“Descubra as Diferenças entre Campo e Cidade com os Ratinhos!”
Neste plano de aula, o foco será a história *”O rato do campo e o rato da cidade”*, que aborda as diferenças entre o meio urbano e o meio rural. Esta narrativa permitirá que as crianças explorem esses dois ambientes distintos de maneira lúdica e interativa, ajudando na construção de conceitos importantes sobre a convivência e as características de cada lugar. As atividades propostas visam não só entreter, mas também promover o desenvolvimento social e emocional dos alunos, através do contato com diferentes culturas e estilos de vida, enfatizando a empatia e a valorização das diferenças.
Em uma abordagem lúdica e educativa, as crianças irão participar de atividades que estimulem sua capacidade de observação, expressão e criação. Através da escuta ativa da história, elas terão a oportunidade de expressar suas ideias e sentimentos, além de desenvolver a capacidade de comunicação. A proposta é que, ao final da aula, as crianças consigam não apenas recordar a história ou suas partes principais, mas também relacionar a narrativa com suas próprias experiências e percepções sobre o ambiente que as cercam.
Tema: Meio urbano e meio rural
Duração: 50 minutos
Etapa: Educação Infantil
Sub-etapa: Crianças pequenas
Faixa Etária: 4 a 5 anos
Objetivo Geral:
Promover a compreensão das diferenças entre o meio urbano e rural por meio da narrativa “O rato do campo e o rato da cidade”, estimulando a empatia, a expressão e a criatividade nas crianças.
Objetivos Específicos:
– Estimular a capacidade de escuta e interpretação de histórias.
– Fomentar a comunicação de sentimentos e ideias sobre os ambientes urbanos e rurais.
– Desenvolver a empatia pelas diferentes realidades que o outro vive.
– Incentivar a criação artística a partir das vivências narradas.
Habilidades BNCC:
– Campo de experiências “O EU, O OUTRO E O NÓS”
(EI03EO01) Demonstrar empatia pelos outros, percebendo que as pessoas têm diferentes sentimentos, necessidades e maneiras de pensar e agir.
(EI03EO04) Comunicar suas ideias e sentimentos a pessoas e grupos diversos.
(EI03EO06) Manifestar interesse e respeito por diferentes culturas e modos de vida.
– Campo de experiências “CORPO, GESTOS E MOVIMENTOS”
(EI03CG01) Criar com o corpo formas diversificadas de expressão de sentimentos, sensações e emoções, tanto nas situações do cotidiano quanto em brincadeiras, dança, teatro, música.
– Campo de experiências “TRAÇOS, SONS, CORES E FORMAS”
(EI03TS02) Expressar-se livremente por meio de desenho, pintura, colagem, dobradura e escultura, criando produções bidimensionais e tridimensionais.
– Campo de experiências “ESCUTA, FALA, PENSAMENTO E IMAGINAÇÃO”
(EI03EF04) Recontar histórias ouvidas e planejar coletivamente roteiros de vídeos e de encenações, definindo os contextos, os personagens, a estrutura da história.
Materiais Necessários:
– Livro da história “O rato do campo e o rato da cidade”.
– Materiais de artes: papéis coloridos, lápis de cor, giz de cera, tesoura e cola.
– Cartolinas.
– Música ambiente relacionada ao tema (opcional).
– Espaço para atividades ao ar livre, caso haja.
Situações Problema:
– Como podemos diferenciar o que existe no campo e na cidade através da nossa percepção?
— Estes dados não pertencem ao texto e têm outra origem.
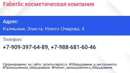 Faberlic, косметическая компания по адресу Калмыкия, Элиста, Номто Очирова, 4 в дальнейшем Организация, размещена в следующих категориях:

– Quais sentimentos diferentes nós, como animais (ou crianças), podemos ter ao vivenciar essas realidades distintas?
Contextualização:
A história “O rato do campo e o rato da cidade” é uma fábula que proporciona uma oportunidade única de reflexão sobre as distintas características dos meios urbano e rural. Através desse conto, as crianças poderão perceber que cada ambiente possui suas particularidades e que o que pode ser adequado para um rato pode não ser para o outro, encorajando assim a aceitação e a valorização da diversidade.
Desenvolvimento:
1. Leitura da história: Ler a fábula para as crianças de forma expressiva, fazendo pausas para que elas possam comentar sobre o que estão entendendo e sentindo durante a narrativa.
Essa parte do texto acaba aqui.